Scenario II – fleet optimization with credit valuation: Using the same fleet data as that used in Scenario I, we introduce the emission credit trading valuation term in the NCM equation, which serves as the basis for the second scenario. The fleet generation requirement is maintained at 19 000 GWh. As the ETS allows pooling of emissions between installations, we combine all unit emissions and consider an annual pooled emission allowance that is ten per cent below nominal emissions. This corresponds to a pooled allowance of 15 372 479 tCO2.
The financial optimization load analysis now includes the option to trade emission credits to compensate for emission production in excess of the pooled allowance, to modify unit load capacity factors to produce lower emission levels, or both activities in some combination. The key variable we now add to the analysis is the cost of emission credits. A range of emission credit market values are considered here.
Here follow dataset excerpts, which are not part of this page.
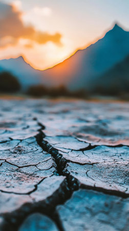 Cracked earth with mountain sunset in the background, nature resilience and climate change concept
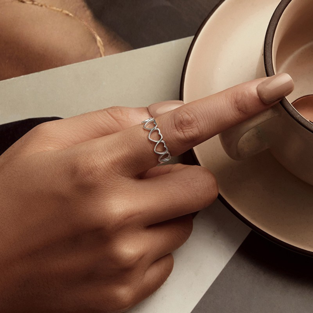 Um símbolo delicado de amor e conexão, este anel apresenta uma sequência de corações vazados em um design elegante e minimalista. Ideal para presentear quem se ama – ou para representar o amor-próprio de forma sutil.
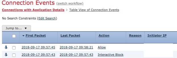 Therefore, for packets that match an Interactive Block or Interactive Block with Reset rule, the system can generate the following connection events:
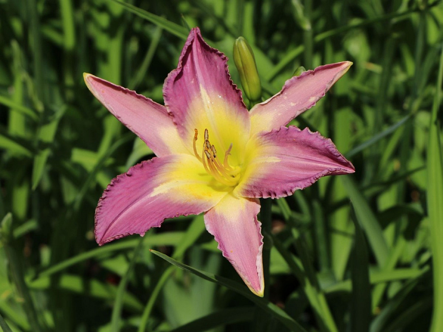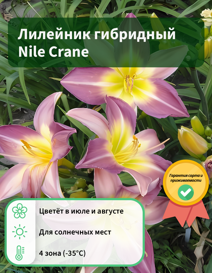 Саженцы лилейника гибридного Нил кран (Hemerocallis hybrida, Nile Crane) высаживают в уютном месте миксбордера, клумбы, газона. Предпочитает расти на солнце, но мирится с полутенью. Для высадки молодого растения выбирают влажную, дренированную почву. В народе цветок называют просто «лилия». Это очень декоративный, неприхотливый многолетник. Высота взрослого растения 70 сантиметров. В июле распускается лилово-розовыми цветами с желтым горлышком и волнистыми краями, диаметром до 14 сантиметров. Цветение длится месяц. Лилейник источает легкий приятный аромат, привлекающий пчел и бабочек.
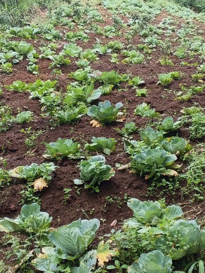 A field of cabbages thrives with varying degrees of maturity, spread across reddish-brown soil
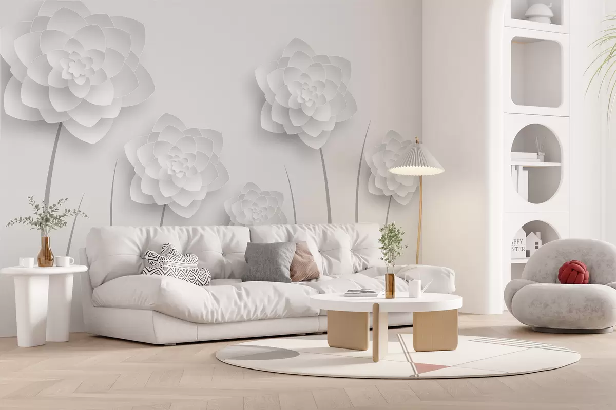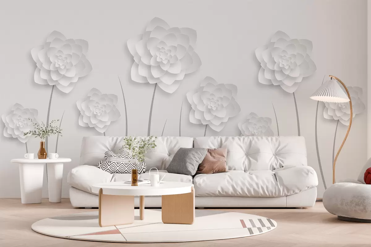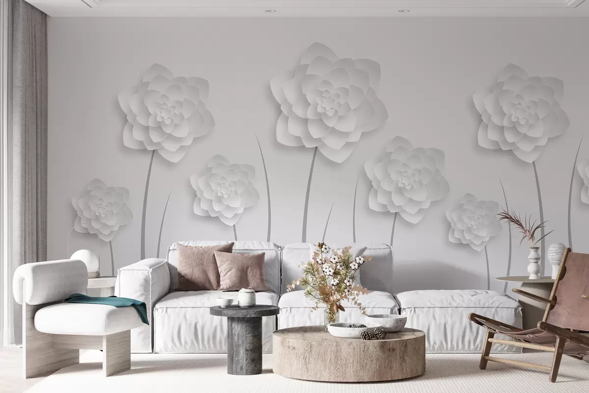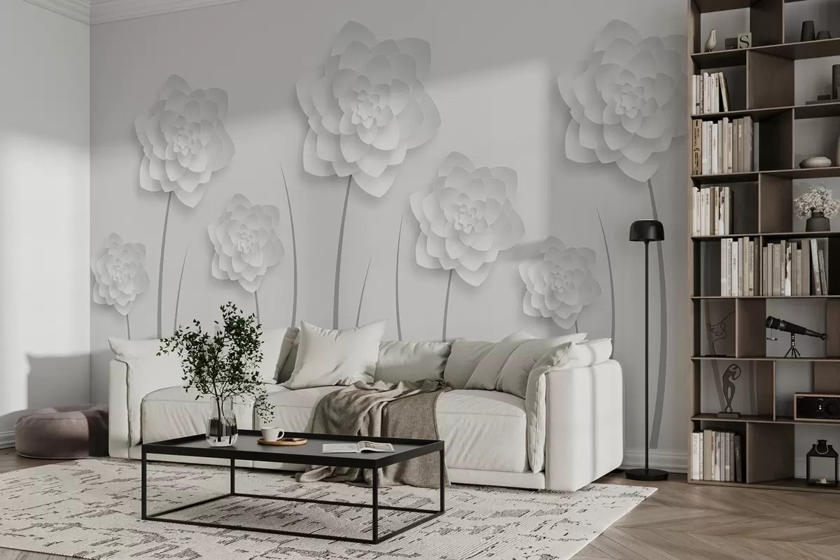 Fototapet Velké květy s imitací objemu v papírovém stylu na světle šedém podkladu s šedým stonkem w01021
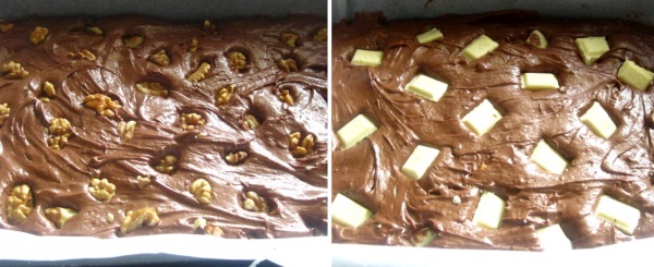 Mod de preparare Brownie cu bucati de ciocolata alba si nuci:
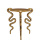 Supporting the disc top of the Serpent Brass Accent Table are curvy creatures that pull a balancing act as they clamp down on its thin surface. This is a whimsical aspect of this design. Made of cast aluminum in an antique brass finish, the gleaming gold occasional table will certainly be a conversation starter in any space, as it will command attention when the luminous surfaces glow when light touches them. Illustrating the artisanal aspects of cast aluminum, there are drifts of patina throughout the profile.
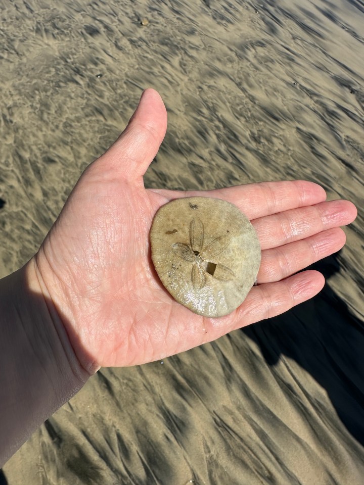 I’ve taken up going to the beach more often. I find that it’s my happy place, especially with the calming ocean waves. What I loved to do as a kid—and what I’ve since rediscovered—is beachcombing. I like picking up treasures like this sand dollar. Recently, I also found a teeny tiny piece of polished sea glass.
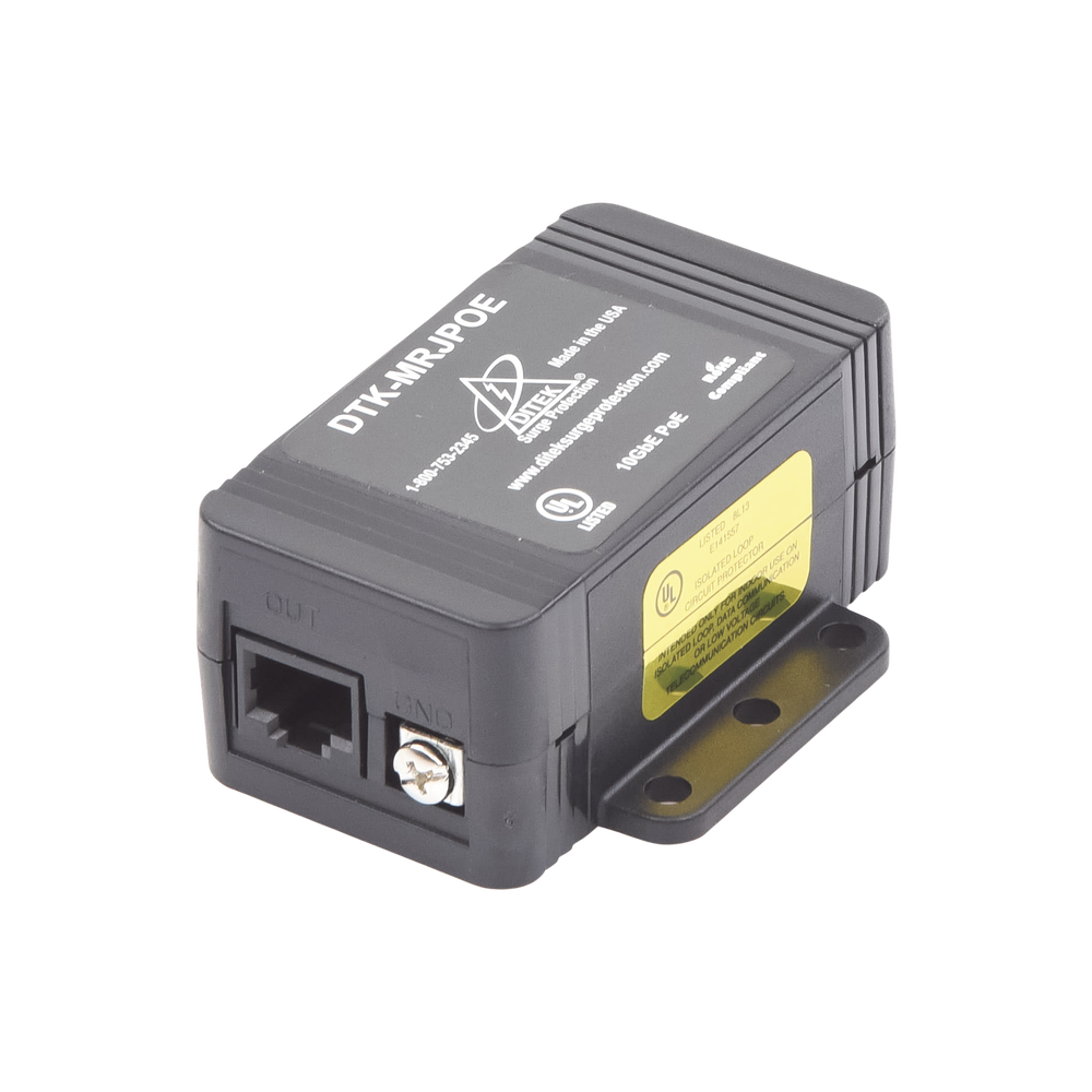 El DTK-MRJPOE de DITEK protege los circuitos que utilizan conexiones Power over Ethernet de última generación.
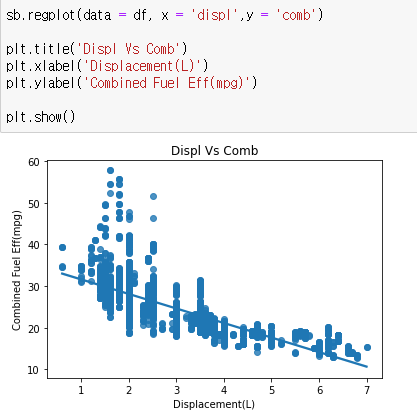 | import numpy as np import pandas as pd import matplotlib.pyplot as plt import seaborn as sb %matplotlib inline sb.regplot(data = df, x = 'displ',y = 'comb') plt.title('Displ Vs Comb') plt.xlabel('Displacement(L)') plt.ylabel('Combined Fuel Eff(mpg)') plt.show() |
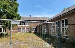 Het oude schoolgebouw staat er verlaten bij.
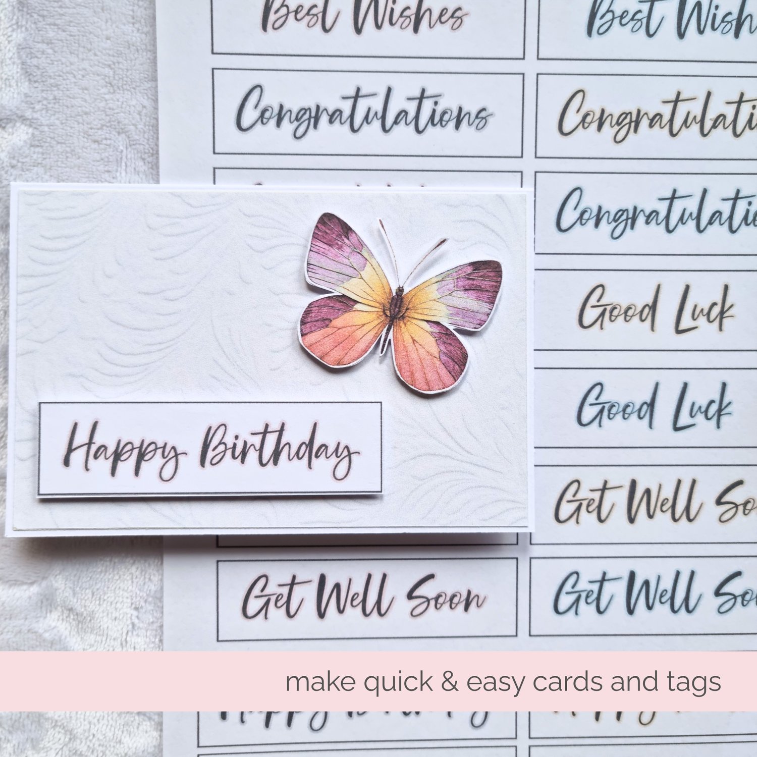 If you love crafting greeting cards but don’t have stamps, a Sizzix, or a Cricut to add fun messages, these printable sentiment embellishments are just what you need.
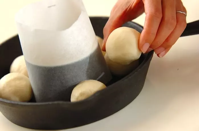 7、スキレットの中央に小さめのカップなどを置いて、その周りに丸めた生地を置く。袋などをかぶせて二次発酵(オーブンの発酵機能などで40~50分)。
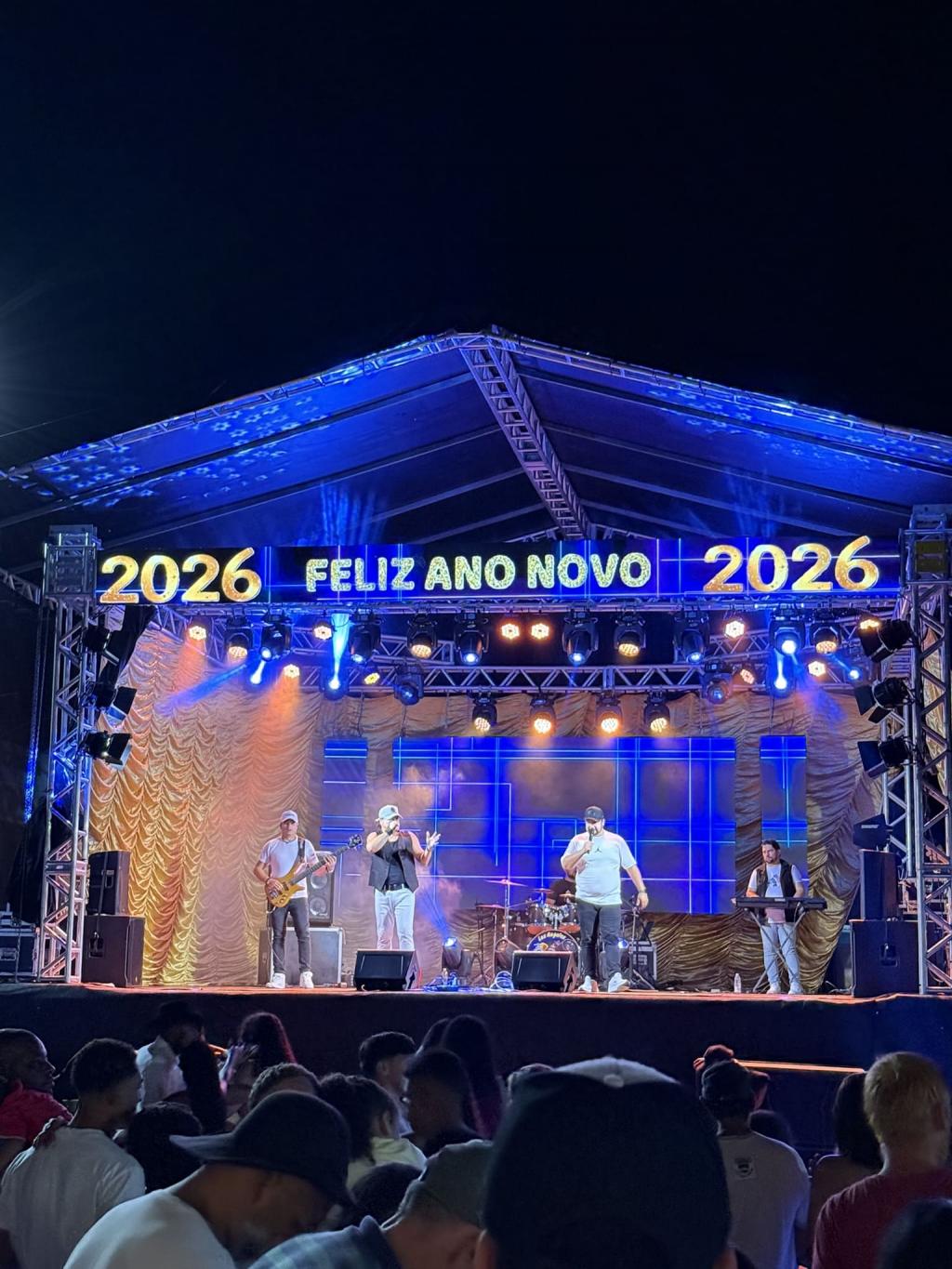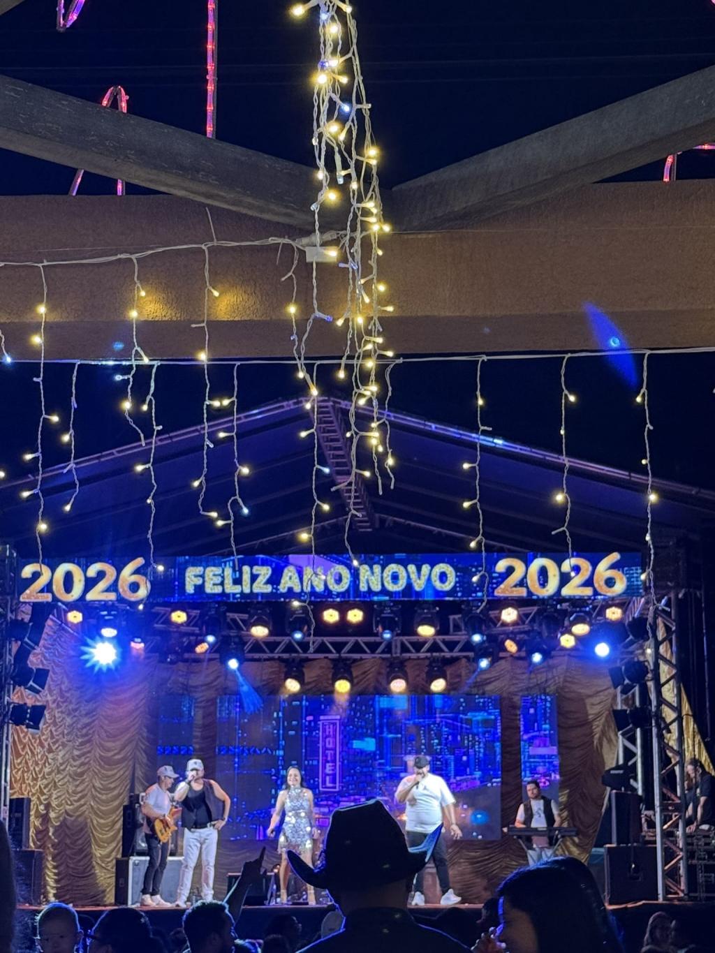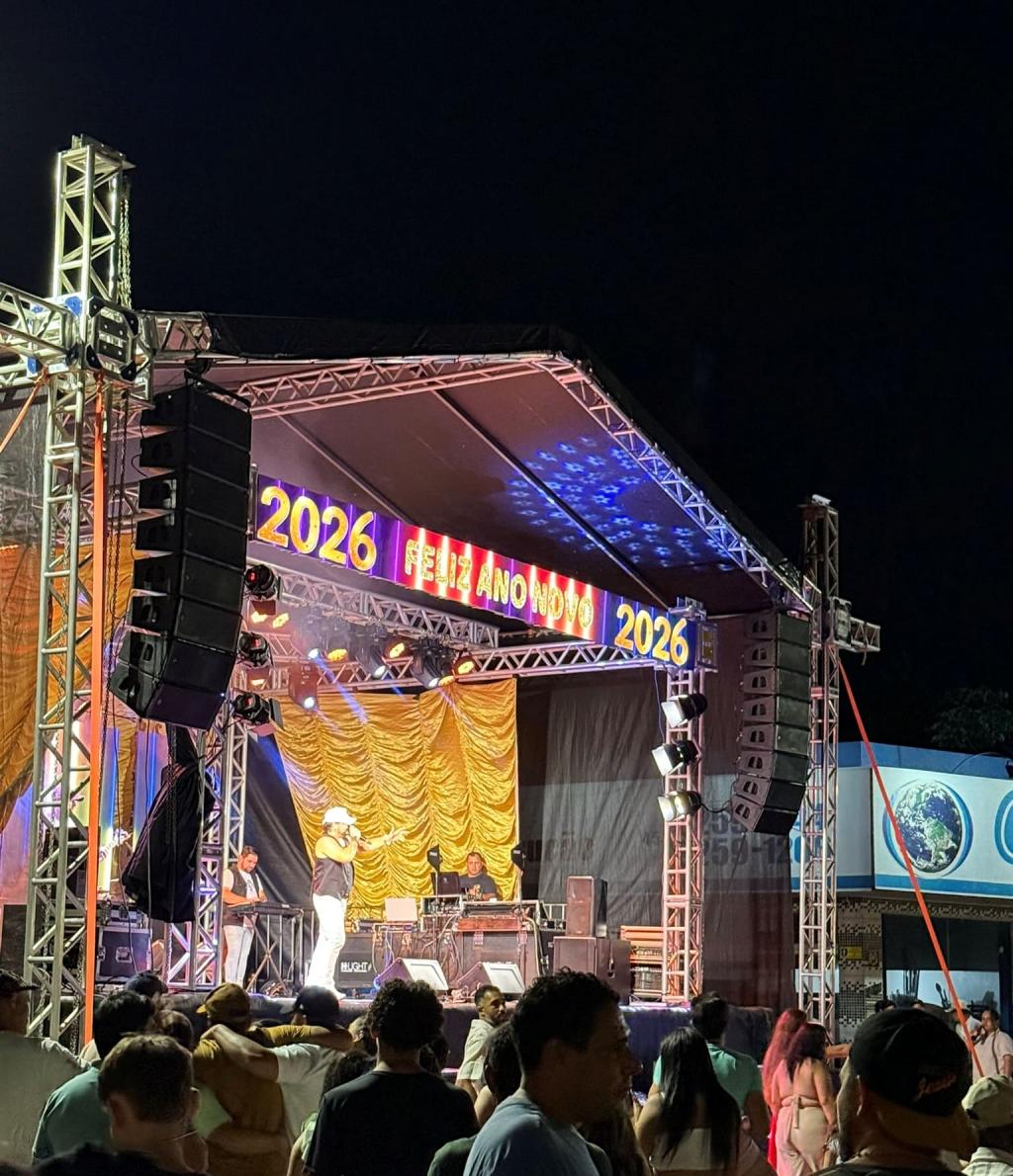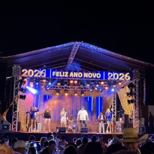 O evento promovido pela Administração Municipal, contou com a tradicional queima de fogos e show musical da banda Cowboys do Asfalto, que embalou o público na recepção de 2026.

Figure 4. Fleet NCM vs CO2 emission credit costs/prices
Figures 4 and 5 show the financial and load distribution effects of incorporating emission credit valuation into the fleet NCM equation. In Figure 4, as the cost of emission credits increases, the optimization model suggests that the fleet operates at emission levels greater than the allocation and maintain regulatory compliance through a combination of reduced actual emissions and emission credit purchases. As the price of emission credits increases, fleet NCM decreases, due to the cost of purchasing more credits. This trend continues until the allocation threshold is achieved. In this example, the threshold occurs when the cost of emission credits is in the €20-25/tCO2 range. As the cost becomes greater than this value, fleet NCM can be increased by credit creation from operating at a reduced emission capacity and load configuration.
Without carbon credit trading, a 10 per cent reduction in emissions from unrestricted operations results in a €17 million decrease in fleet NCM. The only available alternative in Scenario I is to re-allocate unit production levels to achieve regulatory compliance. However, in Scenario II, the same emissions restrictions produce opportunities to achieve financial results better than the pure load management approach, by purchasing or selling credits. This analysis suggests that emission credit trading can produce fleet-wide NCM results above the no-trading alternative levels in most cases, except in the regime of the critical price, as shown by the minimum in Figure 4.
Figure 5. Operational capacity factors vs CO2 emission credit cost (or market price)
Technical solutions to reduce emissions can be capital-intensive and require long lead times before savings can be realized. The ETS provides the opportunity to dynamically utilize assets to maximize generation profitably. The ETS provides an effective mechanism to give power generation asset managers alternatives, allowing them to maximize fleet NCM under regulatory CO2 emission constraints.